Published: June 22nd, 2021



1Department of Surgery, University Medical Center Schleswig-Holstein, 2Institute of Medical and Marine Biotechnology, University of Lübeck, 3Fraunhofer Research and Development Center for Marine and Cellular Biotechnology, 4Institute for Surgical Pathology, Medical Center - University of Freiburg, Faculty of Medicine, University of Freiburg, 5Tumorbank Comprehensive Cancer Center Freiburg, Medical Center - University of Freiburg, 6Core Facility Histopathology and Digital Pathology Freiburg, Medical Center - University of Freiburg

This protocol describes the preparation of organotypic slice cultures (OTSCs). This technique facilitates the ex vivo cultivation of intact multicellular tissue. OTSCs can be used immediately to test for their respective response to drugs in a multicellular environment.

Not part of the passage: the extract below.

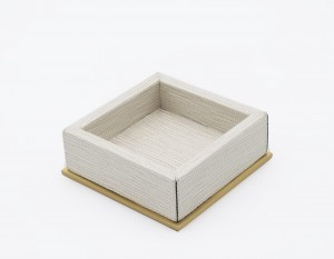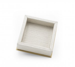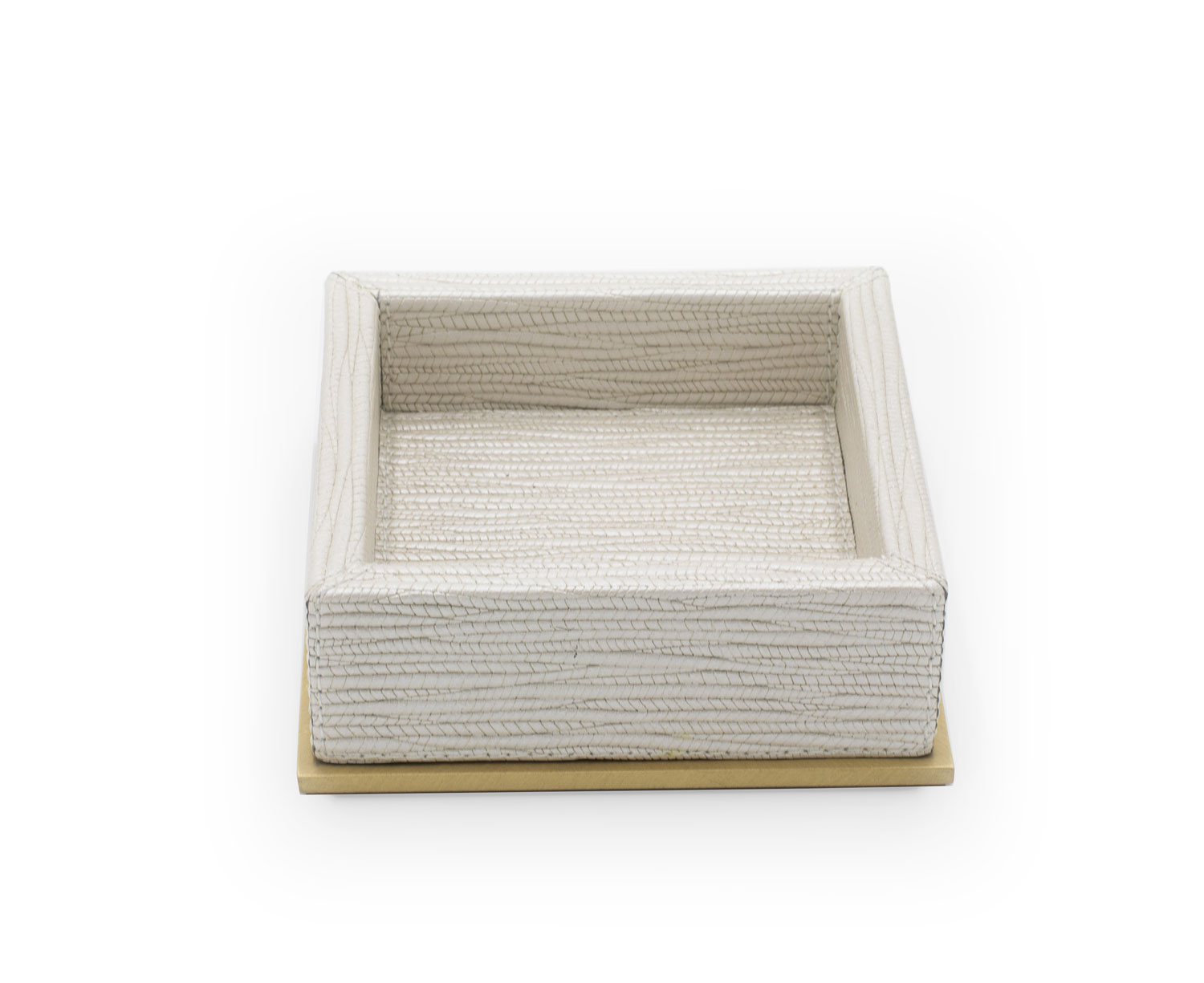 Contemporary square pearlescent valet tray with a beige suede interior and gilt metal bottom (Made in Italy) (Related item: MOD023)
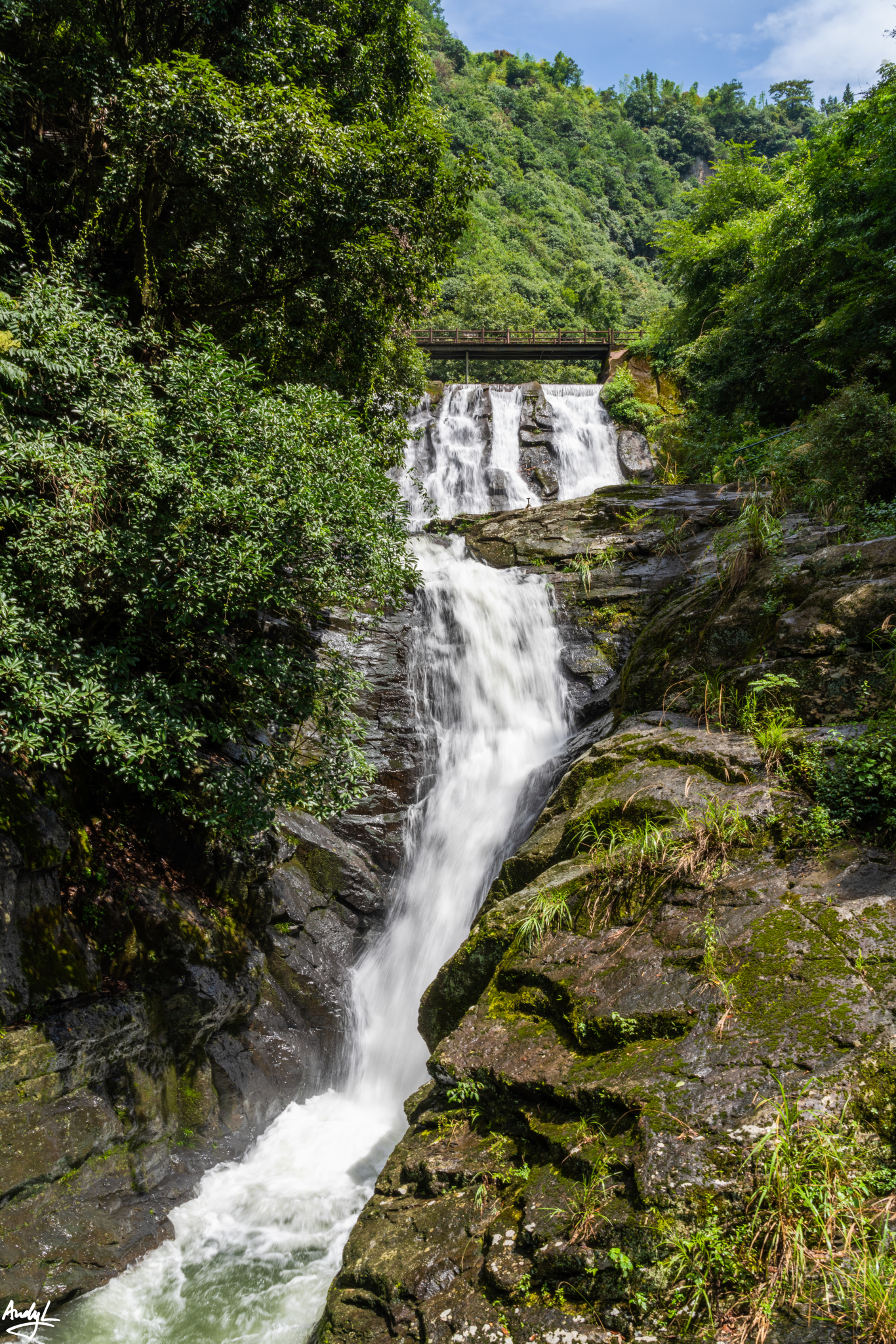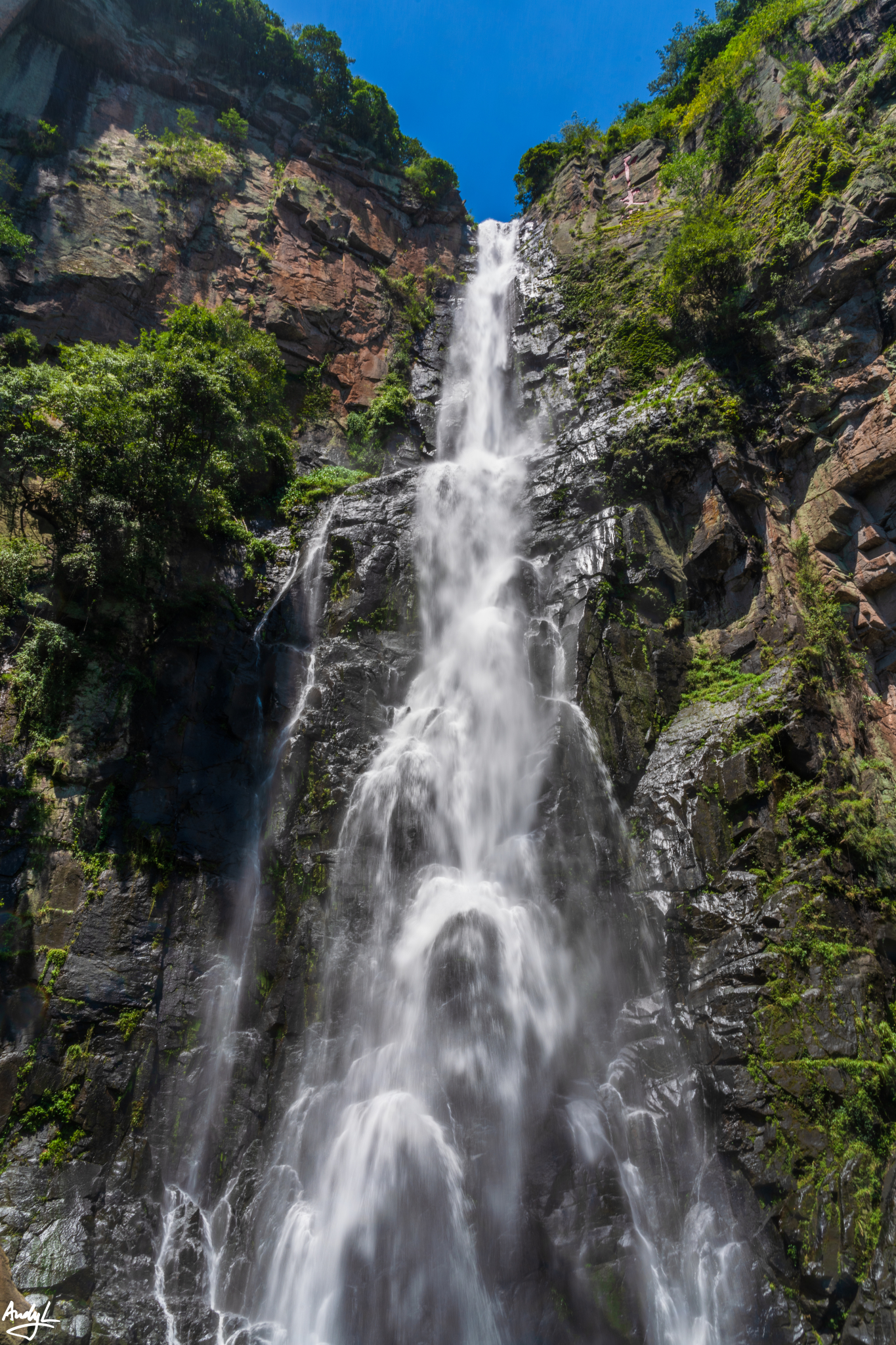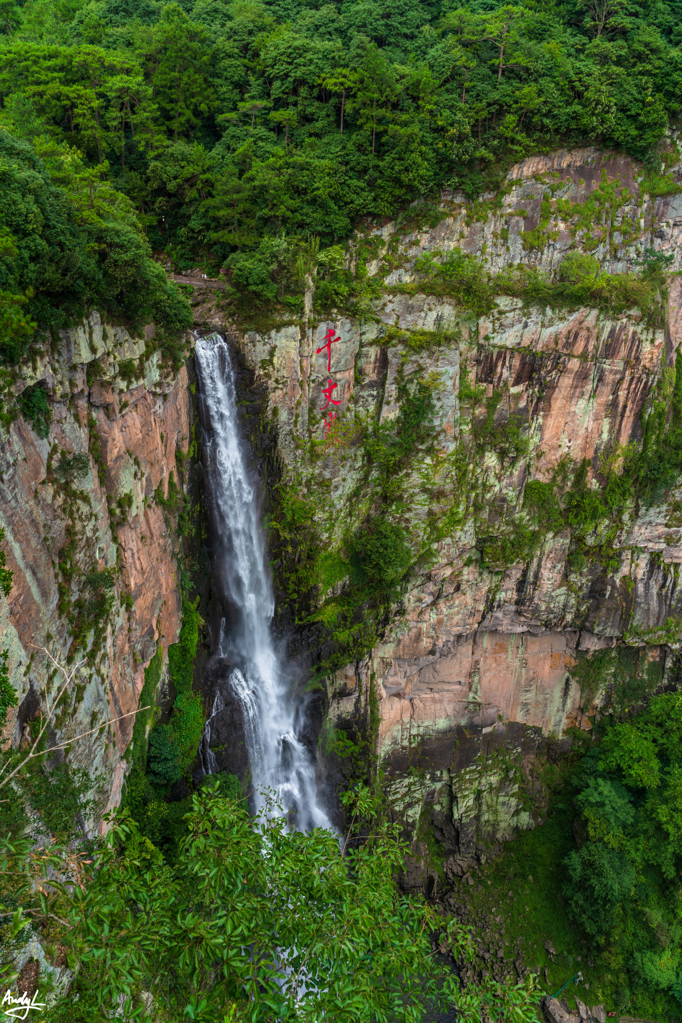 从小火车的终点站出来,稍微走一段路,就能看到千丈岩,它其实是一个瀑布,落差极大,有将近200米,边上都是悬崖峭壁,非常壮观。

Realistic preclinical models of primary pancreatic cancer and metastasis are urgently needed to test the therapy response ex vivo and facilitate personalized patient treatment. However, the absence of tumor-specific microenvironment in currently used models, e.g., patient-derived cell lines and xenografts, only allows limited predictive insights. Organotypic slice cultures (OTSCs) comprise intact multicellular tissue, which can be rapidly used for the spatially resolved drug response testing.

This protocol describes the generation and cultivation of viable tumor slices of pancreatic cancer and its metastasis. Briefly, tissue is casted in low melt agarose and stored in cold isotonic buffer. Next, tissue slices of 300 µm thickness are generated with a vibratome. After preparation, slices are cultured at an air-liquid interface using cell culture inserts and an appropriate cultivation medium. During cultivation, changes in cell differentiation and viability can be monitored. Additionally, this technique enables the application of treatment to viable human tumor tissue ex vivo and subsequent downstream analyses, such as transcriptome and proteome profiling.

OTSCs provide a unique opportunity to test the individual treatment response ex vivo and identify individual transcriptomic and proteomic profiles associated with the respective response of distinct slices of a tumor. OTSCs can be further explored to identify therapeutic strategies to personalize treatment of primary pancreatic cancer and metastasis.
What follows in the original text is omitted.